What you give back from the listing below should be an exact copy of the lines from the one with "László Mednyánszky Zilierul" down to the one with "شکل ۱: چهارچوب", and it should contain no pictures.

Top of RECORDS SUPPLIED

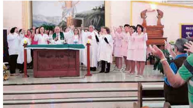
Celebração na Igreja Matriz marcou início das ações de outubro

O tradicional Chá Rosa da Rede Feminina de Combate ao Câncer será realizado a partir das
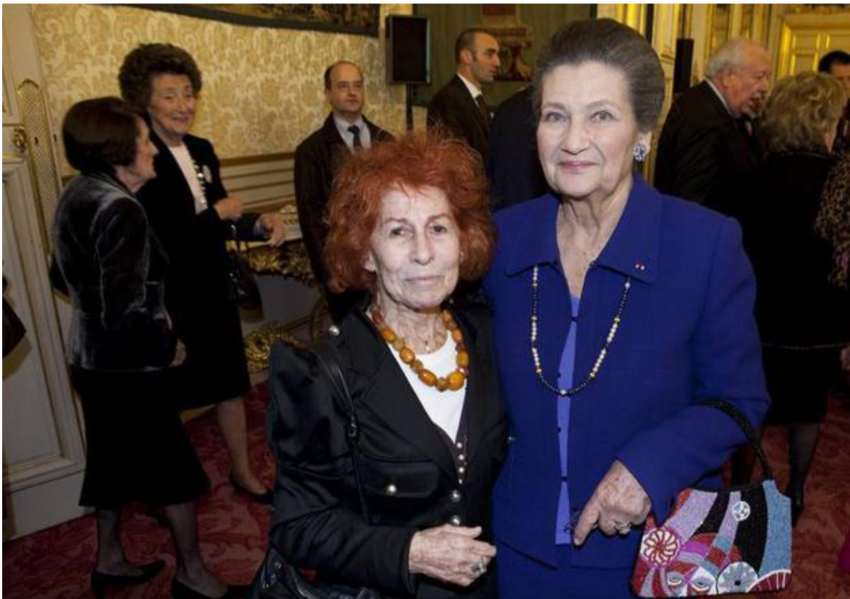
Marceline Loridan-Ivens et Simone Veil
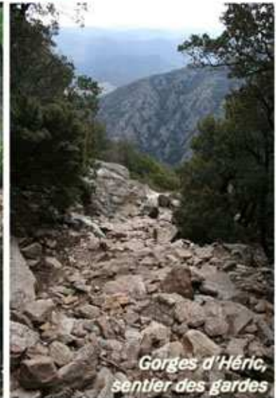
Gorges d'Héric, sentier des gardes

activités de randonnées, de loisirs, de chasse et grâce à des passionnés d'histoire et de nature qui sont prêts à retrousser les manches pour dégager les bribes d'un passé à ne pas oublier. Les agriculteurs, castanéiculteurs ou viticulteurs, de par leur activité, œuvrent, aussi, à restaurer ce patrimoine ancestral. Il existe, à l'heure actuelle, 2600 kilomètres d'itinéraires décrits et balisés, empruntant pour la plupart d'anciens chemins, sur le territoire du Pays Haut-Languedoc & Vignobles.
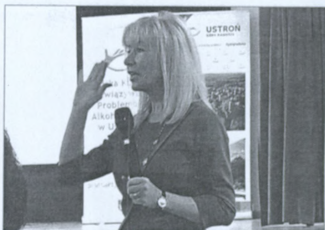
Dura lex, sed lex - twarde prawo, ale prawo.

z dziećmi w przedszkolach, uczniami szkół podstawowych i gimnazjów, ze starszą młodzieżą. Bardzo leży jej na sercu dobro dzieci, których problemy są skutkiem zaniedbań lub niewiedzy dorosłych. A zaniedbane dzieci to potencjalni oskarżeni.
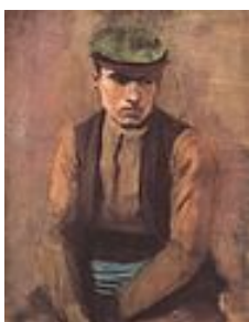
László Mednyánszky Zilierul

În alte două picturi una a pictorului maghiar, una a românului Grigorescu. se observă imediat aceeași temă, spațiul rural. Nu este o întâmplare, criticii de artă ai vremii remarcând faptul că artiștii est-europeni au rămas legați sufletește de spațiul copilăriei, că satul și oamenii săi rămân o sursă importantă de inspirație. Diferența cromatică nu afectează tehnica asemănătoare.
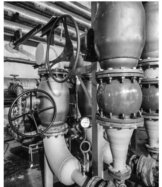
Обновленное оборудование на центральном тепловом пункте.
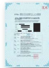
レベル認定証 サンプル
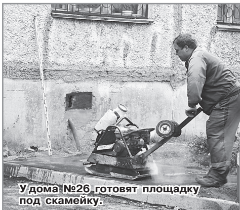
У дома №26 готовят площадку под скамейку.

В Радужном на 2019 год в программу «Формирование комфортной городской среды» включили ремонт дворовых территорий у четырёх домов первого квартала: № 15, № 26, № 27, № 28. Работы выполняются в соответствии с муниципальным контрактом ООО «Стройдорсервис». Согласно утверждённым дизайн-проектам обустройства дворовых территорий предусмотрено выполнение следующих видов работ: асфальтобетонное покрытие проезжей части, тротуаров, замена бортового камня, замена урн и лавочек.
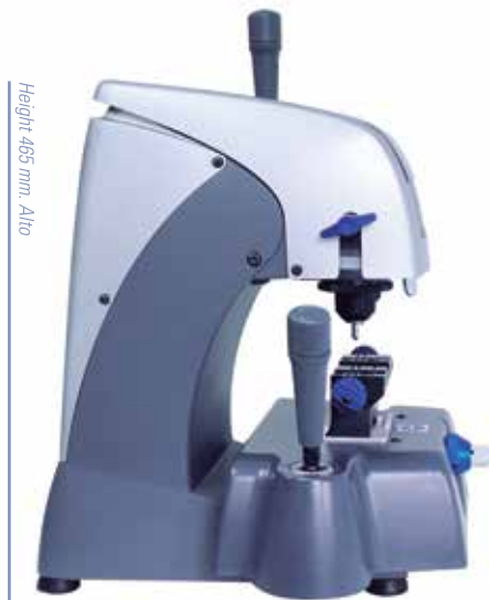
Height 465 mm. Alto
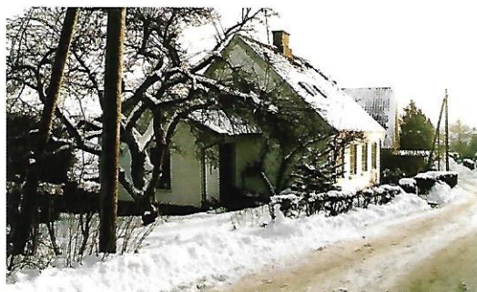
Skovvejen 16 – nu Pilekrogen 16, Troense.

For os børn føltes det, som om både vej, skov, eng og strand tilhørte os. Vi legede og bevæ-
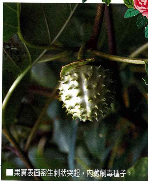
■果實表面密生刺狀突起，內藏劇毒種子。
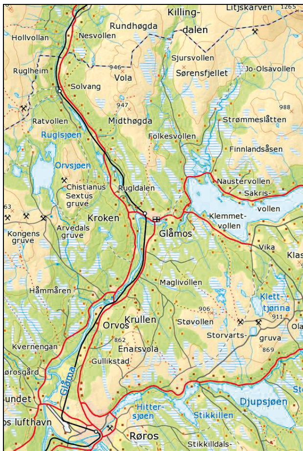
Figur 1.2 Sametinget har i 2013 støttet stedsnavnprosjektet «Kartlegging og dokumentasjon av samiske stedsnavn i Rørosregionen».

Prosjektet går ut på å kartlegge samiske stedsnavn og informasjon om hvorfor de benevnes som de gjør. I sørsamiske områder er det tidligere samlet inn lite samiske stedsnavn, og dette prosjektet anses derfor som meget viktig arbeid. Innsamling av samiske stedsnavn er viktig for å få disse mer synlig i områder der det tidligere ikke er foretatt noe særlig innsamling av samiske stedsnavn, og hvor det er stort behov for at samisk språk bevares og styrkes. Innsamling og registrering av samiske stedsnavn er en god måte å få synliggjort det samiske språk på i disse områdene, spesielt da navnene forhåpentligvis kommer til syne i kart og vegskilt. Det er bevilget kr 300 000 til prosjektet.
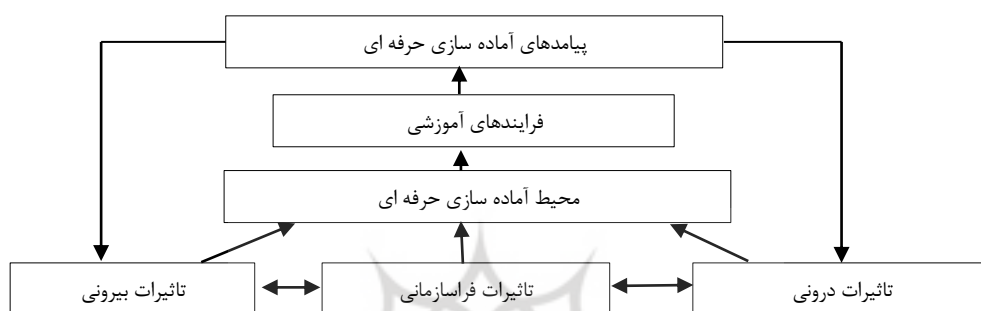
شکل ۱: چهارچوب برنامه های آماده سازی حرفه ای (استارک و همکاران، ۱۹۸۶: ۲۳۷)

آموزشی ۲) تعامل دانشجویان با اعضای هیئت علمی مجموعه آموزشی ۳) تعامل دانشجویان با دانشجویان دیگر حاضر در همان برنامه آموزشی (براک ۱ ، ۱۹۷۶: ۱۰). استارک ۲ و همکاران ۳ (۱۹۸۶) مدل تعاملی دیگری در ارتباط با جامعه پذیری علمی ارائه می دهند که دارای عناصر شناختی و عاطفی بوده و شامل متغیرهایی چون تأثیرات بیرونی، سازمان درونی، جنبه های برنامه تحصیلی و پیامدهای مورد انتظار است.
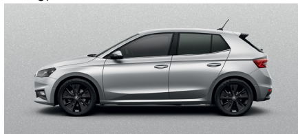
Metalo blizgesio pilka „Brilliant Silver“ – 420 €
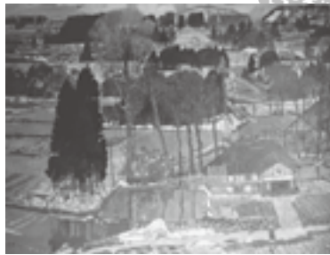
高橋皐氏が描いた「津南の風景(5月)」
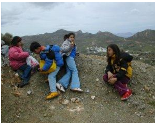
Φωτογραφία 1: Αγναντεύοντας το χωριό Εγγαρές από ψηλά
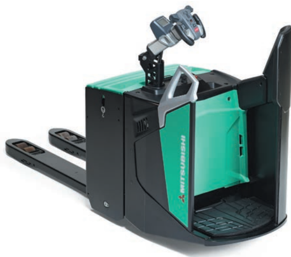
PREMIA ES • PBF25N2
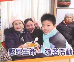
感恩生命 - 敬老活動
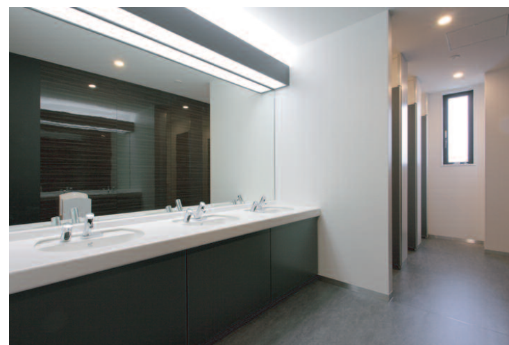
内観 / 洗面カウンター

Bottom of RECORDS SUPPLIED

### ANSWER SPACE:
László Mednyánszky Zilierul

În alte două picturi una a pictorului maghiar, una a românului Grigorescu. se observă imediat aceeași temă, spațiul rural. Nu este o întâmplare, criticii de artă ai vremii remarcând faptul că artiștii est-europeni au rămas legați sufletește de spațiul copilăriei, că satul și oamenii săi rămân o sursă importantă de inspirație. Diferența cromatică nu afectează tehnica asemănătoare.
Обновленное оборудование на центральном тепловом пункте.
レベル認定証 サンプル
У дома №26 готовят площадку под скамейку.

В Радужном на 2019 год в программу «Формирование комфортной городской среды» включили ремонт дворовых территорий у четырёх домов первого квартала: № 15, № 26, № 27, № 28. Работы выполняются в соответствии с муниципальным контрактом ООО «Стройдорсервис». Согласно утверждённым дизайн-проектам обустройства дворовых территорий предусмотрено выполнение следующих видов работ: асфальтобетонное покрытие проезжей части, тротуаров, замена бортового камня, замена урн и лавочек.
Height 465 mm. Alto
Skovvejen 16 – nu Pilekrogen 16, Troense.

For os børn føltes det, som om både vej, skov, eng og strand tilhørte os. Vi legede og bevæ-
■果實表面密生刺狀突起，內藏劇毒種子。
Figur 1.2 Sametinget har i 2013 støttet stedsnavnprosjektet «Kartlegging og dokumentasjon av samiske stedsnavn i Rørosregionen».

Prosjektet går ut på å kartlegge samiske stedsnavn og informasjon om hvorfor de benevnes som de gjør. I sørsamiske områder er det tidligere samlet inn lite samiske stedsnavn, og dette prosjektet anses derfor som meget viktig arbeid. Innsamling av samiske stedsnavn er viktig for å få disse mer synlig i områder der det tidligere ikke er foretatt noe særlig innsamling av samiske stedsnavn, og hvor det er stort behov for at samisk språk bevares og styrkes. Innsamling og registrering av samiske stedsnavn er en god måte å få synliggjort det samiske språk på i disse områdene, spesielt da navnene forhåpentligvis kommer til syne i kart og vegskilt. Det er bevilget kr 300 000 til prosjektet.
شکل ۱: چهارچوب برنامه های آماده سازی حرفه ای (استارک و همکاران، ۱۹۸۶: ۲۳۷)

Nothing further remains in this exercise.